The Apple Watch: A Pleasant Surprise

The Apple Watch: A Pleasant Surprise

Austin White

When the Apple Watch and other wearable technologies first hit the market, I’ll admit I was initially opposed to these devices. I was concerned I’d feel over-connected, a sentiment still echoed by many today.
After wearing the Apple Watch for a little over a month now, I realize that I was over-connected and tethered to technology, but it wasn’t the watch that I was consumed by – it was my phone. Before the Apple Watch, my phone was never more than an arm’s reach away at any given time. I’d receive a text message or an app notification and used it as an excuse to surf the internet, check social media, and become occupied with countless other distractions.
Since putting on the watch, I spend significantly less time with my face buried in my iPhone because I can consume the majority of my mobile notifications in a condensed matter through the watch. Now, I spend more time interacting with people and have become more productive during the working day.
One thing I find particularly innovative and useful about the Apple Watch is the different vibration patterns that correlate to the different types of mobile notifications you’re receiving, which makes it easier to decide which items require immediate attention and which ones can wait. Additionally, I find the voice dictation service works well for that quick response to a text message or email.
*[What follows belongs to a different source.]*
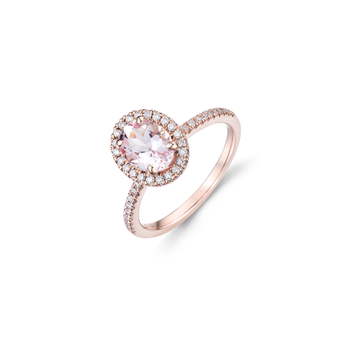 De kop van de ring is ovaal met in het midden een roze morganiet gezet in vier griffen.

I like that I can check the balances of my bank accounts while simultaneously tracking my daily exercise activities. And while there are still some kinks to work out, the technology is trending up and the optimization will trend with it.
I didn’t realize how much I interact with my smartphone on a daily basis, probably due to the fact that it seems to be a common behavior trend in our society. According to the Pew Research Center, 64% of American adults now own a smartphone of some kind, up from 35% in 2011. Smartphone usage is especially high in younger adults as well as those with relatively high income and education levels.
To the people who feel the Apple Watch and other wearable technology is taking the Internet of Things (IoT) too far, try leaving your phone at home one day and see how you feel. You might be surprised at how much more you get done and realize that face to face connections have replaced virtual ones.

The Apple Watch: Trending Up

Zain Jiwani

After owning an Apple Watch for a few months now, I’ve concluded that it’s the coolest companion device to my iPhone. But, its lack of high utility functionality forces it to be just that – a companion device. It can’t be considered an absolute necessity over other devices in today’s market in its current form. Its native functionality prevents users from relying on the Apple Watch to conduct tasks that are completed with ease on a smartphone or tablet every day. However, I expect the Apple Watch and wearable technology to rapidly come to the forefront of technological advancement.
As the wearable technology market is maturing, the Apple Watch has the potential to become the next “must-have” technology. It’s rumored that Apple sold about $2.6 billion in Apple Watches in the first six months since its release. This market opportunity can only widen because our culture is inviting society to test new technology, but the adoption of wearables will take time.
I believe that the Apple Watch won’t be truly appreciated until a few years down the road. For the average consumer, the lack of functionality simply doesn’t warrant the price tag. Spending $350 to $700 on a device that could potentially be outdated within two years is asking a lot from someone who’s already taking a leap in buying just a companion device. Like any other technology, it will take time to advance enough to either enable lower prices or lengthen the half-life of smart watches.
Must-have technology is constantly changing. Before we know it, our must-have smartphone will be replaced by our must-have smart watches.